Collection entries
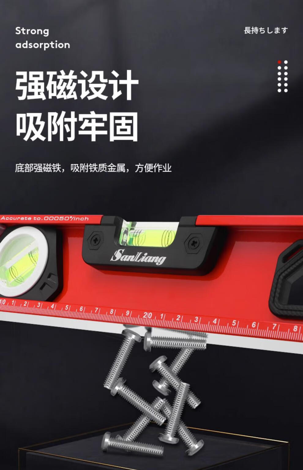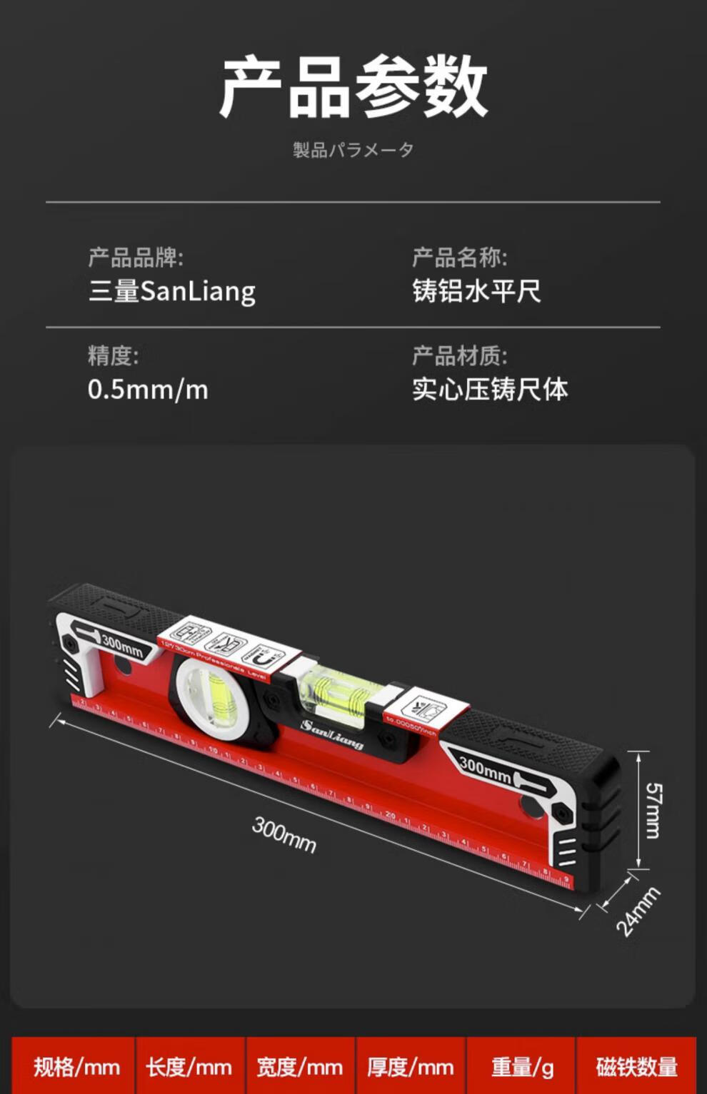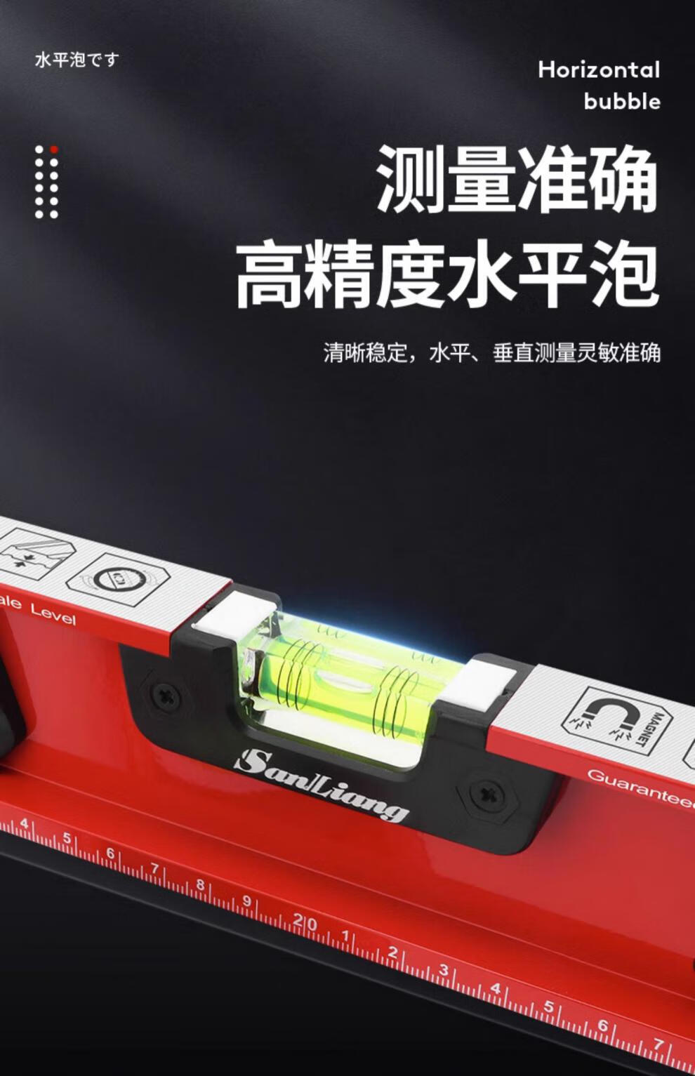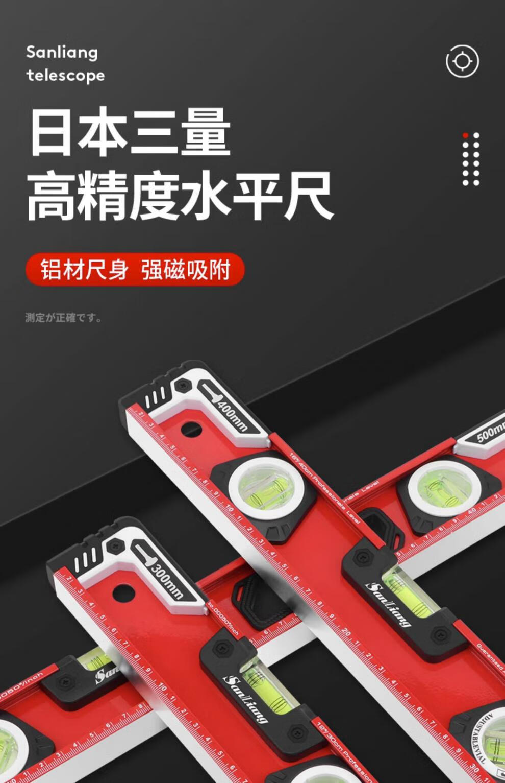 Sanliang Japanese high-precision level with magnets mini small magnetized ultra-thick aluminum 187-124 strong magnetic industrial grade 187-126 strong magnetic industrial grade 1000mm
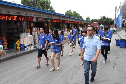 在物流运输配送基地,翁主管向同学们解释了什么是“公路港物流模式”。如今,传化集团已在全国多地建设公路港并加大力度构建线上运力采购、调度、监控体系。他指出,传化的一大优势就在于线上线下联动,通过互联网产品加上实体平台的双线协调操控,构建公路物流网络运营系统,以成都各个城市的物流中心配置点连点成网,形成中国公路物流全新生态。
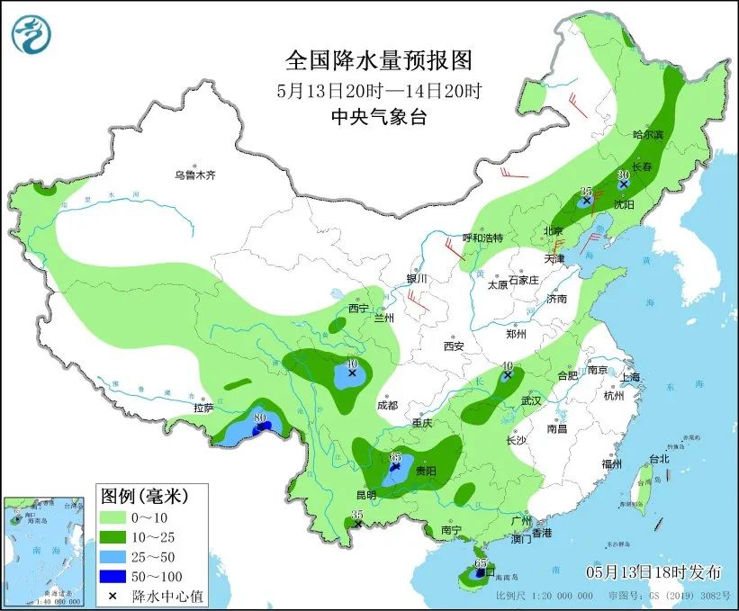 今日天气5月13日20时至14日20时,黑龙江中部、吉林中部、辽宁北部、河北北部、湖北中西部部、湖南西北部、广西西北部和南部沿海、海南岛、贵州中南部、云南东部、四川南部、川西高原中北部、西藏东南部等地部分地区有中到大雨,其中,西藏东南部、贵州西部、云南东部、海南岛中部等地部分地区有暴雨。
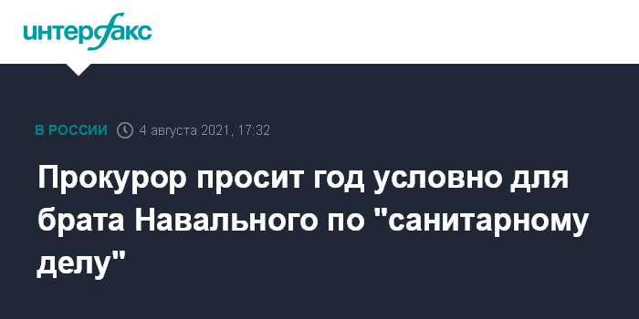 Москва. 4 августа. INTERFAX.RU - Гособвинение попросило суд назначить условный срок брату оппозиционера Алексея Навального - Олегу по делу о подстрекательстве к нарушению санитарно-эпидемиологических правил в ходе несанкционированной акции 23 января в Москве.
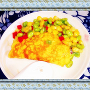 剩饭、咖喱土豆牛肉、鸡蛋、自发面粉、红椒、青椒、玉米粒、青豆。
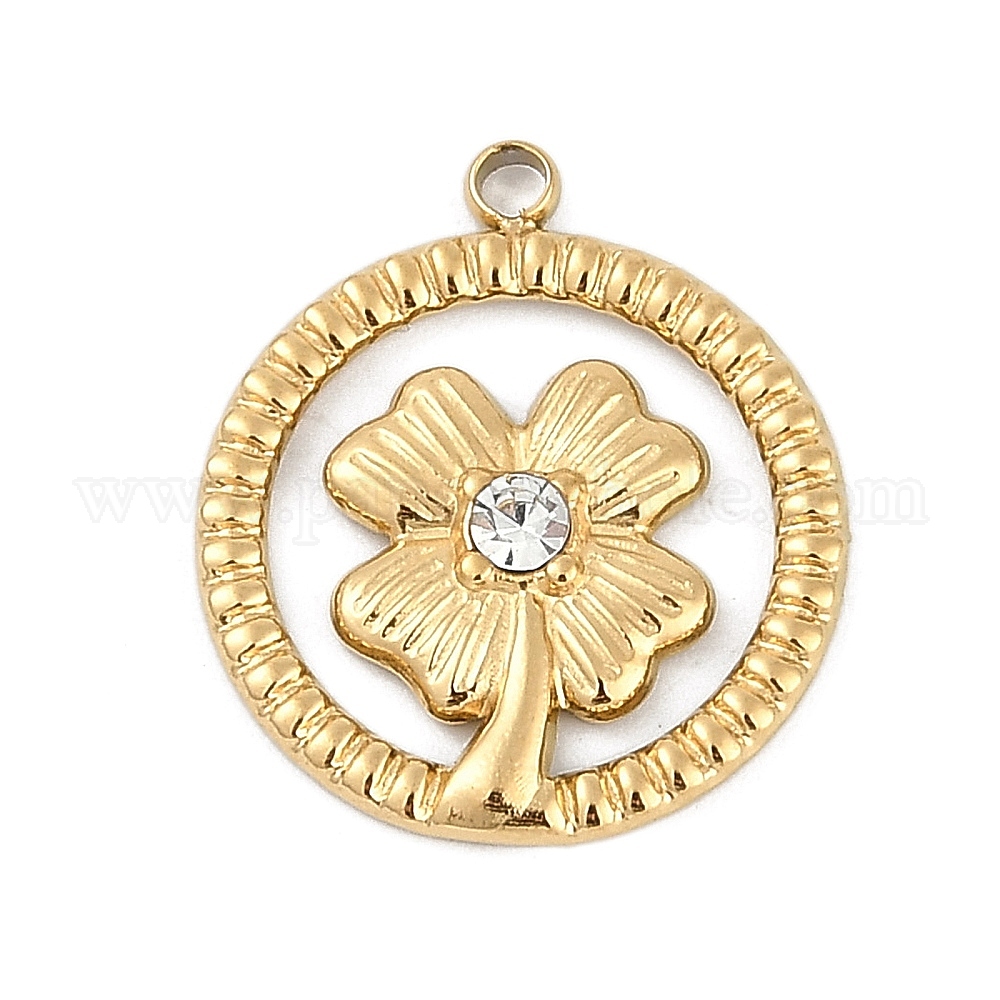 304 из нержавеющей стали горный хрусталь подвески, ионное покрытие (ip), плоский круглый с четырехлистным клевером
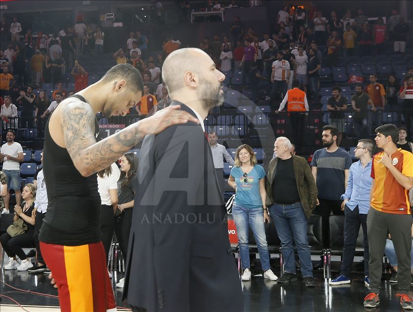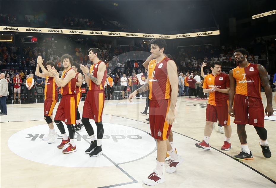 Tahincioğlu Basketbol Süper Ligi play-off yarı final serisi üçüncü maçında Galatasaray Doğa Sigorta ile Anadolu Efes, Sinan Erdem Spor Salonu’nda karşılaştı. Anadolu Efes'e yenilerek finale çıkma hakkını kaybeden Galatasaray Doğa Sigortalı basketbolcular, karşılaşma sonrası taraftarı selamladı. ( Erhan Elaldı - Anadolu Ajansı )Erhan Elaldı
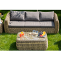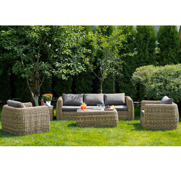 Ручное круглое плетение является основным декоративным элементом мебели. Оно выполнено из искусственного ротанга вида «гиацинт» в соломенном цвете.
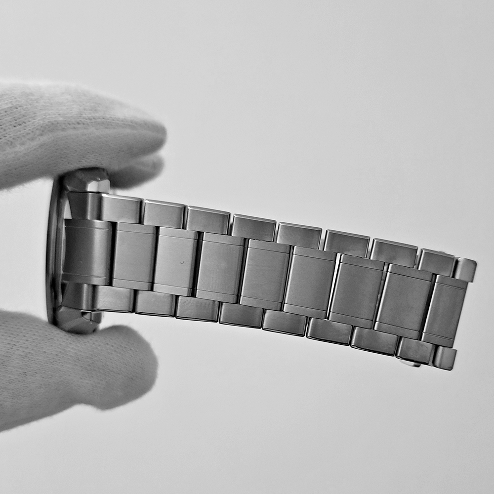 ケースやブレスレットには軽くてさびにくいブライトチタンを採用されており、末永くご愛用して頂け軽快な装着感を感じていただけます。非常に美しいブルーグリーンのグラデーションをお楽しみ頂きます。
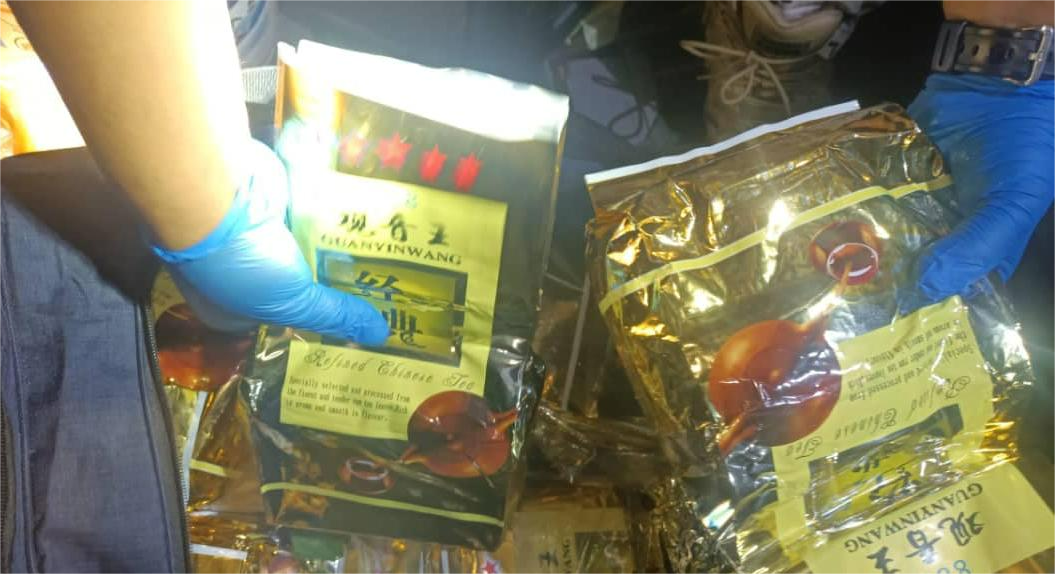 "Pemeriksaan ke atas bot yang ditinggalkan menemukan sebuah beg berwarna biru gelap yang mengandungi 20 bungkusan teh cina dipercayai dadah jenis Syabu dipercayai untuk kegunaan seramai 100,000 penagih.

**Your task:** Set down every entry above without alteration, but print no images.

**Answer to this problem:**
 Sanliang Japanese high-precision level with magnets mini small magnetized ultra-thick aluminum 187-124 strong magnetic industrial grade 187-126 strong magnetic industrial grade 1000mm
 在物流运输配送基地,翁主管向同学们解释了什么是“公路港物流模式”。如今,传化集团已在全国多地建设公路港并加大力度构建线上运力采购、调度、监控体系。他指出,传化的一大优势就在于线上线下联动,通过互联网产品加上实体平台的双线协调操控,构建公路物流网络运营系统,以成都各个城市的物流中心配置点连点成网,形成中国公路物流全新生态。
 今日天气5月13日20时至14日20时,黑龙江中部、吉林中部、辽宁北部、河北北部、湖北中西部部、湖南西北部、广西西北部和南部沿海、海南岛、贵州中南部、云南东部、四川南部、川西高原中北部、西藏东南部等地部分地区有中到大雨,其中,西藏东南部、贵州西部、云南东部、海南岛中部等地部分地区有暴雨。
 Москва. 4 августа. INTERFAX.RU - Гособвинение попросило суд назначить условный срок брату оппозиционера Алексея Навального - Олегу по делу о подстрекательстве к нарушению санитарно-эпидемиологических правил в ходе несанкционированной акции 23 января в Москве.
 剩饭、咖喱土豆牛肉、鸡蛋、自发面粉、红椒、青椒、玉米粒、青豆。
 304 из нержавеющей стали горный хрусталь подвески, ионное покрытие (ip), плоский круглый с четырехлистным клевером
 Tahincioğlu Basketbol Süper Ligi play-off yarı final serisi üçüncü maçında Galatasaray Doğa Sigorta ile Anadolu Efes, Sinan Erdem Spor Salonu’nda karşılaştı. Anadolu Efes'e yenilerek finale çıkma hakkını kaybeden Galatasaray Doğa Sigortalı basketbolcular, karşılaşma sonrası taraftarı selamladı. ( Erhan Elaldı - Anadolu Ajansı )Erhan Elaldı
 Ручное круглое плетение является основным декоративным элементом мебели. Оно выполнено из искусственного ротанга вида «гиацинт» в соломенном цвете.
 ケースやブレスレットには軽くてさびにくいブライトチタンを採用されており、末永くご愛用して頂け軽快な装着感を感じていただけます。非常に美しいブルーグリーンのグラデーションをお楽しみ頂きます。
 "Pemeriksaan ke atas bot yang ditinggalkan menemukan sebuah beg berwarna biru gelap yang mengandungi 20 bungkusan teh cina dipercayai dadah jenis Syabu dipercayai untuk kegunaan seramai 100,000 penagih.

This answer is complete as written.